Records shown:
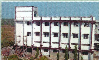
One of the three production facility at Daman
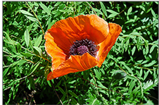
Oriental Poppy flowers

Oriental Poppy will grow to be about 3 feet tall at maturity, with a spread of 24 inches. It grows at a fast rate, and under ideal conditions can be expected to live for approximately 5 years. As an herbaceous perennial, this plant will usually die back to the crown each winter, and will regrow from the base each spring. Be careful not to disturb the crown in late winter when it may not be readily seen! As this plant tends to go dormant in summer, it is best interplanted with late-season bloomers to hide the dying foliage.
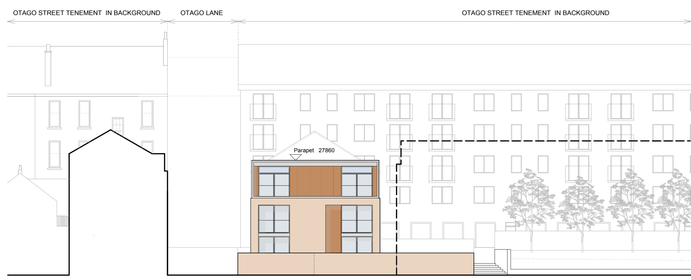
3 East Elevation Scale 1:200
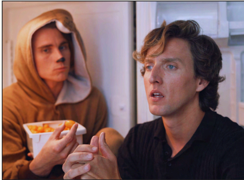
K IS FOR KUMQUAT WRITER/DIRECTOR, SHORT FILM WATCH HERE
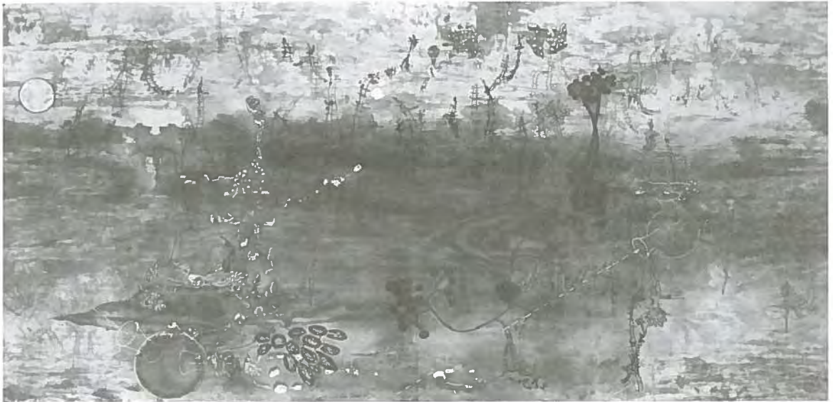
Tai Hwa Goh

Suspicious Seed 08-3, 2008. Mixed media print on hand waxed paper, 24 inches x 50 inches

Activity:
Write out the records above exactly. Begin with the first line, end with the line holding "Oriental Poppy flowers", and drop the pictures.

Reply to the task:
One of the three production facility at Daman
Oriental Poppy flowers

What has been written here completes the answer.